- Data supplied:
· · ·
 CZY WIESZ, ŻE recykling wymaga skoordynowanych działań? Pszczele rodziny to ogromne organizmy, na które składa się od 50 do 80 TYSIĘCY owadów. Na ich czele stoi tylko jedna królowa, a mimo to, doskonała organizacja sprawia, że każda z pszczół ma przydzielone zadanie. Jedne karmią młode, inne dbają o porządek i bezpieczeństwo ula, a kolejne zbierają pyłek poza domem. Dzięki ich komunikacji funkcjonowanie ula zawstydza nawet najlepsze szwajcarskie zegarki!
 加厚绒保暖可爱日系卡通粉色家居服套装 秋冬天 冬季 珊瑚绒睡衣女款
· · ·
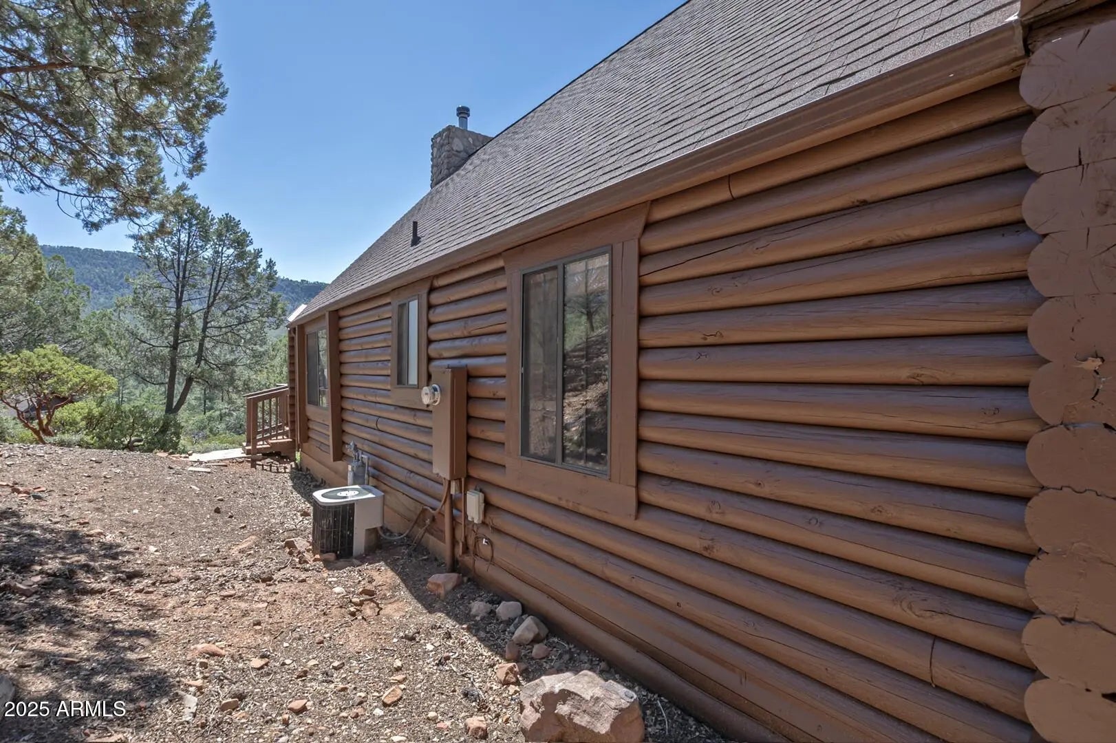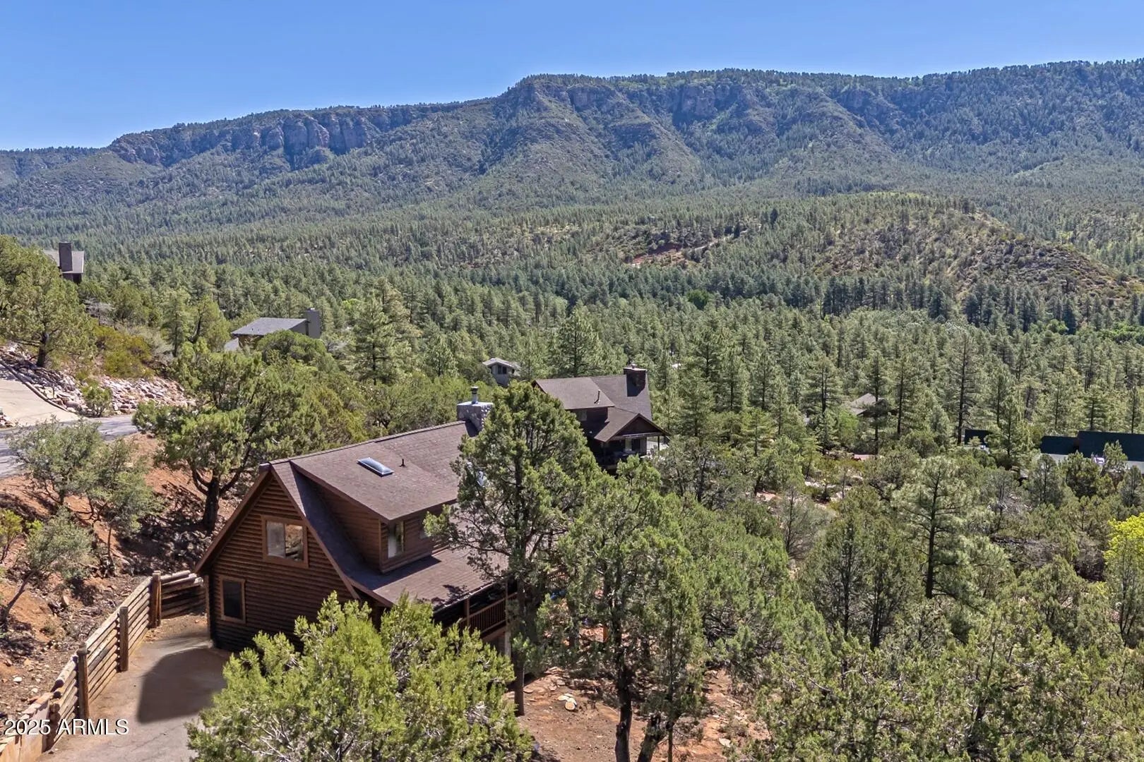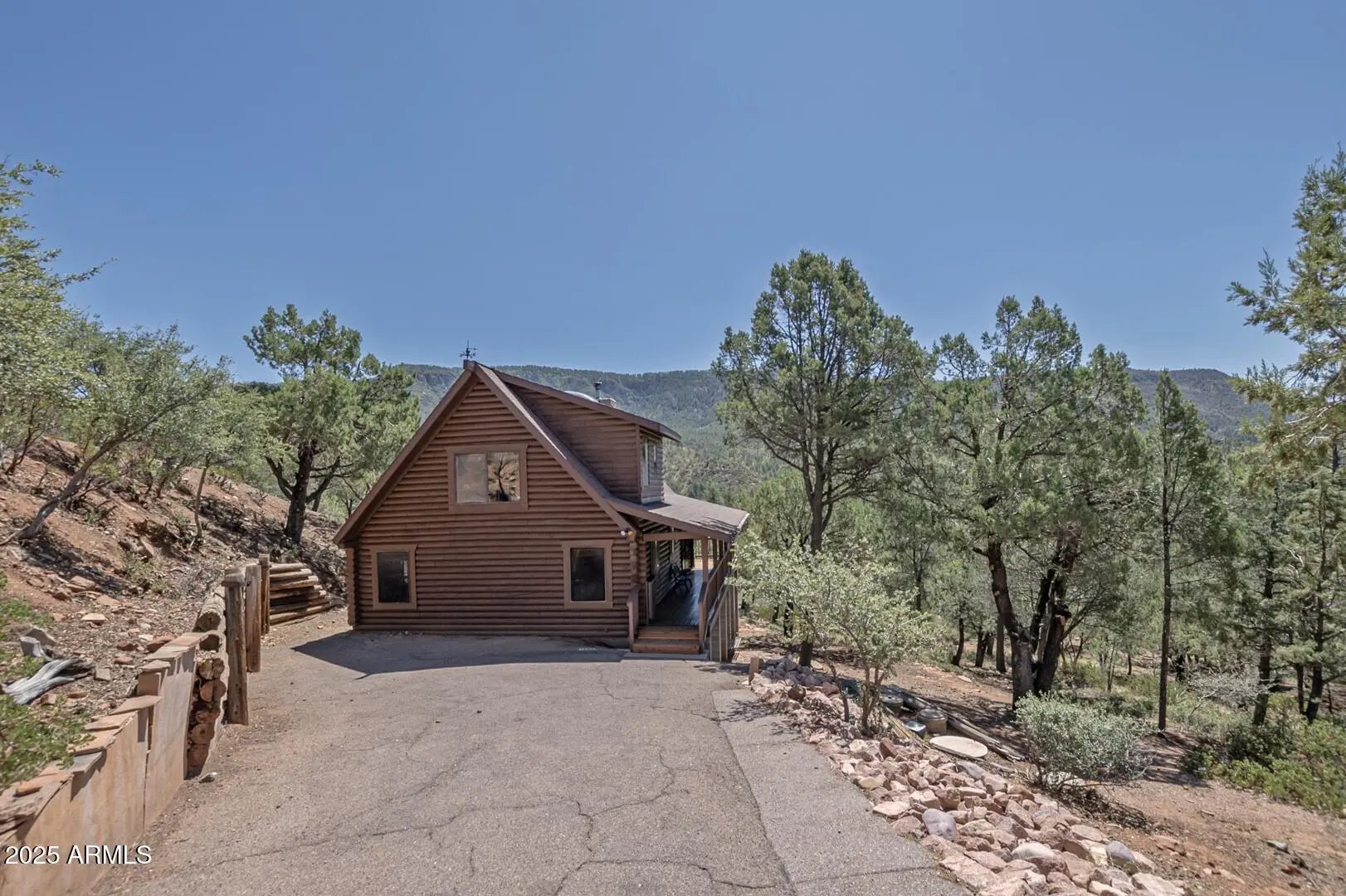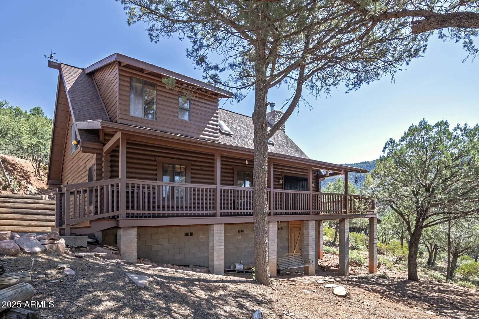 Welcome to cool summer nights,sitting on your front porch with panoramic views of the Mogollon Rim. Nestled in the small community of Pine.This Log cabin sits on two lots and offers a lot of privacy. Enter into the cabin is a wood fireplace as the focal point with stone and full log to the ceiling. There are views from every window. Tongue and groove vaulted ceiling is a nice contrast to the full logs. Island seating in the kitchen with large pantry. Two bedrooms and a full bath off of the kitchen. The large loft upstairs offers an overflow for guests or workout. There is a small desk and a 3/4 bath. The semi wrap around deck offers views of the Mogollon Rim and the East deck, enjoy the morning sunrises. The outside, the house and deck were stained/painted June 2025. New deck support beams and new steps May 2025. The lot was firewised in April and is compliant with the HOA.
· · ·
Write out, from the lines above, only those from the line with "CZY WIESZ, ŻE" to the line with "加厚绒保暖可爱日系卡通粉色家居服套装 秋冬天 冬季 珊瑚绒睡衣女款", exactly as given, including the first and the last.

 CZY WIESZ, ŻE recykling wymaga skoordynowanych działań? Pszczele rodziny to ogromne organizmy, na które składa się od 50 do 80 TYSIĘCY owadów. Na ich czele stoi tylko jedna królowa, a mimo to, doskonała organizacja sprawia, że każda z pszczół ma przydzielone zadanie. Jedne karmią młode, inne dbają o porządek i bezpieczeństwo ula, a kolejne zbierają pyłek poza domem. Dzięki ich komunikacji funkcjonowanie ula zawstydza nawet najlepsze szwajcarskie zegarki!
 加厚绒保暖可爱日系卡通粉色家居服套装 秋冬天 冬季 珊瑚绒睡衣女款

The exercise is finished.